** PROBLEM STATEMENT **
Print only the lines below, from the very first to the one containing "Карабин для сумки", exactly as they stand. Do not print pictures.

** Saved entries **
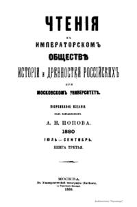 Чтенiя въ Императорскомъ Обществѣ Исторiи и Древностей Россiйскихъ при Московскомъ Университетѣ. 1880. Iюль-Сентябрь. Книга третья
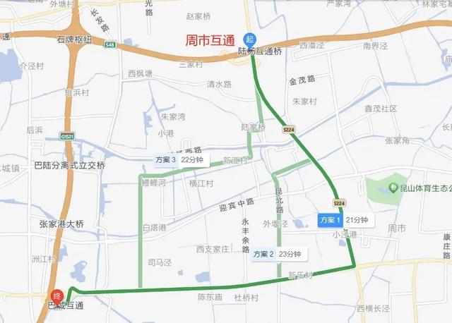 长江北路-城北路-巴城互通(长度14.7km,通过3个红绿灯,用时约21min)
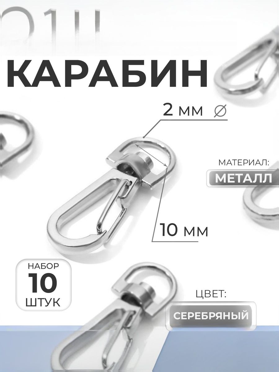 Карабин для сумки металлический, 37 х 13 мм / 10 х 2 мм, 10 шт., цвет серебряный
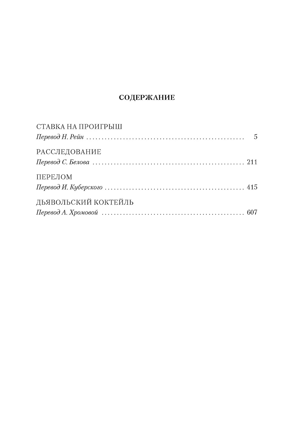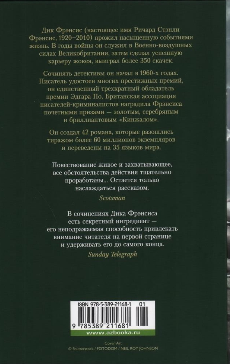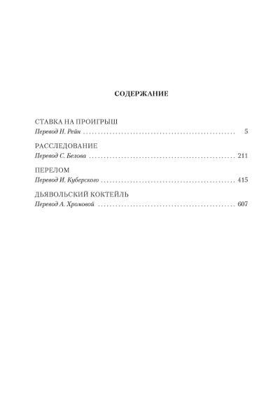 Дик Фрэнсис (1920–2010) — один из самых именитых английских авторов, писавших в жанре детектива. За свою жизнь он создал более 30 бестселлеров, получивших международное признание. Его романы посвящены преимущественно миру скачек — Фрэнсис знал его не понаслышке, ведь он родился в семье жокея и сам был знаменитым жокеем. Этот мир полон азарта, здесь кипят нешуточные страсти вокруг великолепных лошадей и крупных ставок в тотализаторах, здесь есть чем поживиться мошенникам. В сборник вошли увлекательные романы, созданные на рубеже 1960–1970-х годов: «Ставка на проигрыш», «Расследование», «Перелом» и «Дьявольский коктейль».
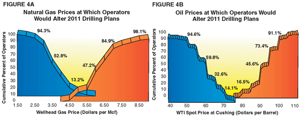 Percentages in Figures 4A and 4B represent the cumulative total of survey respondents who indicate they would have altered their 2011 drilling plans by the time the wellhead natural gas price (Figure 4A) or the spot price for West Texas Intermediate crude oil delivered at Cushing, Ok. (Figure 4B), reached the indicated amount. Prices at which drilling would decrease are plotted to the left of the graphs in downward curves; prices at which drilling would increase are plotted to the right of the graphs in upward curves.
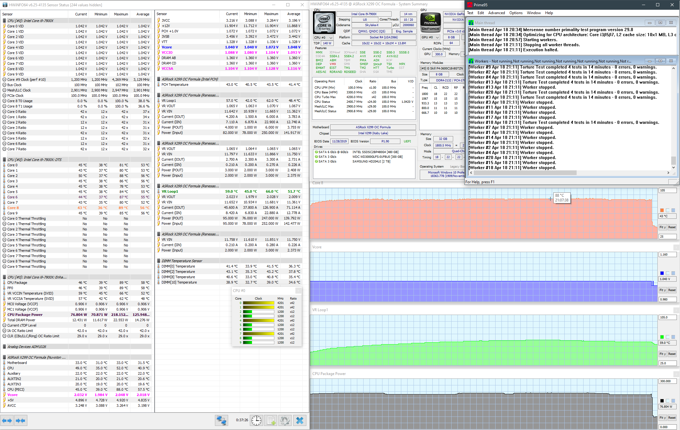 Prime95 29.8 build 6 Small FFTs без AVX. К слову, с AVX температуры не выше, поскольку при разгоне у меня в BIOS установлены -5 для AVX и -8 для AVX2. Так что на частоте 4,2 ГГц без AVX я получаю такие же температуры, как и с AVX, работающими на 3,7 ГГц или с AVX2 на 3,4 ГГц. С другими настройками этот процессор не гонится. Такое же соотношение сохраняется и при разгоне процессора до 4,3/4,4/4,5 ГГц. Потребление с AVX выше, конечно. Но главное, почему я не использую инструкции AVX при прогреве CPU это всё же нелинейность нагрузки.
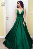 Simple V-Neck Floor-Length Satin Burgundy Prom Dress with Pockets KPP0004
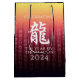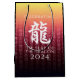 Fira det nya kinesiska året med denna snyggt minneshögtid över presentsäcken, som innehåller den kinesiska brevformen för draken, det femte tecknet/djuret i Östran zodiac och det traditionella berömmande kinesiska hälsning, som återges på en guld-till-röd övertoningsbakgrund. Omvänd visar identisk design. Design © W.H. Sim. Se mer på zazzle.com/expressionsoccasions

** WORKED SOLUTION **
 Чтенiя въ Императорскомъ Обществѣ Исторiи и Древностей Россiйскихъ при Московскомъ Университетѣ. 1880. Iюль-Сентябрь. Книга третья
 长江北路-城北路-巴城互通(长度14.7km,通过3个红绿灯,用时约21min)
 Карабин для сумки металлический, 37 х 13 мм / 10 х 2 мм, 10 шт., цвет серебряный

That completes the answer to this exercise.